However, this not necessarily brought to retrofit all the existing buildings and infrastructure (e.g., also due to the lack of investments). In this regard, both the PRA and RS mention the ageing building stock and housing infrastructure among the stresses directly related to the current economic condition and past urban development, alongside dense urban structure with limited open and green spaces.

2.2.2. Seismic Susceptibility

Thessaloniki was founded in 315 BC and has since its founding has faced continuous urbanisation. Due to its geographical location the city has historically played a dominant role as a focal trading, exchange, transportation, multinational and cultural point at both a national and an international level. Its port is the second biggest in Greece and among the most important in the Mediterranean, while the HELEXPO International Exhibition Centre plays a predominant role in the business community in southeastern Europe. The wide seafront is one of the most significant assets of the city, especially after its renovation was completed in 2011, where continuous pedestrian and bicycle paths intermingle with a series of consecutive thematic gardens [20].
Thessaloniki’s current urban area ranges in a NW‒SE direction between the hills of Oreokastro and the mount of Chortiatis (Figure 1a). In parallel, the Metropolitan Area of the city extends further in the west up to Loudias River and south, surrounding the whole areas around the Thermaikos gulf. From an administrative perspective and following the last administrative reform of the country in 2011 (Kallikratis Plan), the metropolitan area consists of 11 municipalities, with the Municipality of Thessaloniki holding the most central position among them (Figure 1b). The Municipality’s population is 324,766, while the Metropolitan Area accounts for around 1.12 million residents (2011 census).
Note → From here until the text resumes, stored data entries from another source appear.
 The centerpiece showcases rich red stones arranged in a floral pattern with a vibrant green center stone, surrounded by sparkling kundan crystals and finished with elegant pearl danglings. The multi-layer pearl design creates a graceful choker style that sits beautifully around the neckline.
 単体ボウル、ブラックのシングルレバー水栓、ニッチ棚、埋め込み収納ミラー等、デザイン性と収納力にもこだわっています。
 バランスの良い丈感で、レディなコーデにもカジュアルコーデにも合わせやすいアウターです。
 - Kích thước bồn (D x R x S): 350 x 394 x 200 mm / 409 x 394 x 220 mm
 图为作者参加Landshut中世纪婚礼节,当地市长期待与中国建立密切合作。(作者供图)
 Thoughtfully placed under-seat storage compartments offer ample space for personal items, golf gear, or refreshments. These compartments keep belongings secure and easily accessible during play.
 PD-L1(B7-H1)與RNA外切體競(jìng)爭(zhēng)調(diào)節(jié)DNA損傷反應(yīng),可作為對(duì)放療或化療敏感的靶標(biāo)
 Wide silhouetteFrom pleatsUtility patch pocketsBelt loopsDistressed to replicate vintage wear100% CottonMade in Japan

From a geomorphological perspective, the city’s elevation starts at sea level and reaches almost 950 m around Chortiatis, while within the urban area it does not exceed 150 m with smooth ascents [16]. This morphology favours the outburst of surface flooding phenomena to specific downstream sites in the Metropolitan Area. For instance, the existence of streams and gullies in the relatively low elevation areas and in close proximity to residential settlements in the municipality of Thermaikos has played a central role in the accumulation and channelization of the excess of water during heavy rainfall events (see Section 3.2). Similar issues have been identified in the Municipality of Delta in the western part of the Metropolitan Area, where three different rivers flow in (see [21]).
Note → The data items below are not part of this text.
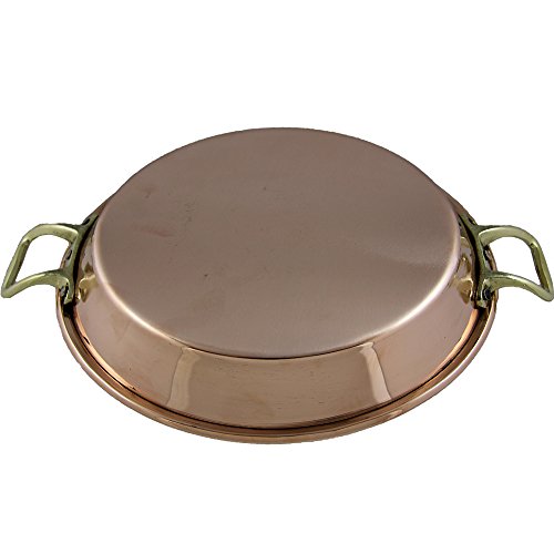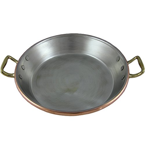 Product Description This is the traditional paella pan that has been used in Spain for centuries. This copper paella pan is a work of art - on your table, or displayed on your kitchen wall. Hammered in Portugal, this pan adds a touch of rustic beauty when serving paella. But even more than that, copper paella pans produce the finest paellas. Copper is a superior conductor, and copper paella pans conduct heat so well that you can simmer your paella at a lower temperature, thereby preserving some of the subtle flavors of your broth and the ingredients. With a copper paella pan, you do not need the higher heat required of stainless or rolled steel paella pans. The heavy gauge copper (14 gauge, 2 mm) is lined with tin to provide the ideal combination of heat conduction and a hygienic practical cooking surface. Your copper pan is oven safe, and can be used on gas, electric and ceramic burners. Your copper paella pan requires no seasoning, simply wash with warm soapy water before first use. Use only wood or plastic cooking utensils to avoid scratching the paella pan. To preserve the luster of the copper, wash by hand after each use and dry thoroughly. Copper tends to tarnish, so you will need to use copper polish to restore the original shine from time to time. 0
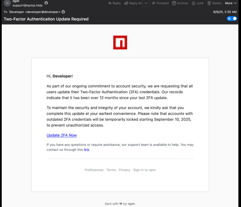 The phishing email, titled “Two-Factor Authentication Update Required,” originated from a spoofed domain, support@npmjs[.]help, and instructed recipients to update their MFA settings to avoid losing access.
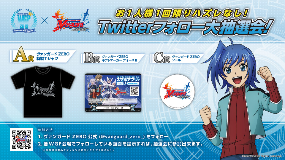 ヴァンガード ZEROでは、VG各会場にて「WGP2019×ヴァンガード ZERO Twitterフォロー大抽選会!」を開催!
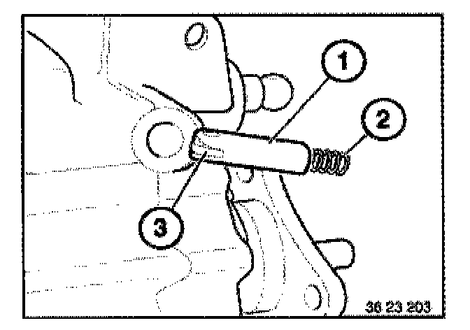 Note: To secure the position of the locking pin (1), the transmission must be shifted into 2nd gear.

The geological map of the Metropolitan Area demonstrates the heterogeneity of lithologies upon which the city has developed throughout the years (Figure 5a). Holocene deposits, red clay and sandstone marl dominate the southern and western parts, while the higher altitudes of the eastern part, the Chortiatis mount rises, are primarily covered by various metamorphic formations. Thessaloniki’s historic centre in particular, is located in the junction of three different lithologies, each characterised by different depth (Figure 5a,b). Moreover, after many years of continuous inhabitancy, the historic centre consists of large areas of filled ground with different characteristics and attributes [16]. In general, deeper urban fills are much more prone to earthquake damage [22], and in Thessaloniki’s case they exceed the average fills of similar size and historical background cities reaching even 15 m within the limits of the ancient city walls in Zone II (Figure 6). Makedon et al. [16] identify this layer as the most prone to building damage from a 100-year earthquake event.
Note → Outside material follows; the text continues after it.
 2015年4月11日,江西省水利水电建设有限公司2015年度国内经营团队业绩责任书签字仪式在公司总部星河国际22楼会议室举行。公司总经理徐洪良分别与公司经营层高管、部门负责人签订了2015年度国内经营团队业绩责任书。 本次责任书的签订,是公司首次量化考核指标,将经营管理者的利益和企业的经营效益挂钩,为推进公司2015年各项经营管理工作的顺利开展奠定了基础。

This geological heterogeneity produces divergent geographies susceptible to distinct types of geohazards. Thus, the Holocene deposits in Delta Municipality and Perea Region (Figure 5c) lead to land subsidence whenever farming activities and urban development require high levels of groundwater abstraction [21,23]. Furthermore, during the last decade, continuous pumping has led to the exposure of low-lying areas to surface flooding, due to the recovering of groundwater levels and constrained drainage of the water flow as a result of the deeper topography [23].
From a tectonic perspective, Thessaloniki belongs to the Circum-Rhodope zone, which traverses the central part of Macedonia in northern Greece at a general NW–SE direction and lies between Axios zone and the Serbomacedonian massive (Figure 7). Even though Thessaloniki is partly located in the least active seismic zone (Axios), the Serbomacedonian massive lying nearby is a geotectonic zone presenting very high levels of seismicity [16]; as a consequence, the city has sustained numerous events of medium or higher repercussions. Apart from the 1978 earthquake, which was the highest of a series of approximately 100 earthquakes, seismic activity in Thessaloniki is still more than apparent, with several light, moderate and strong events occurring regularly.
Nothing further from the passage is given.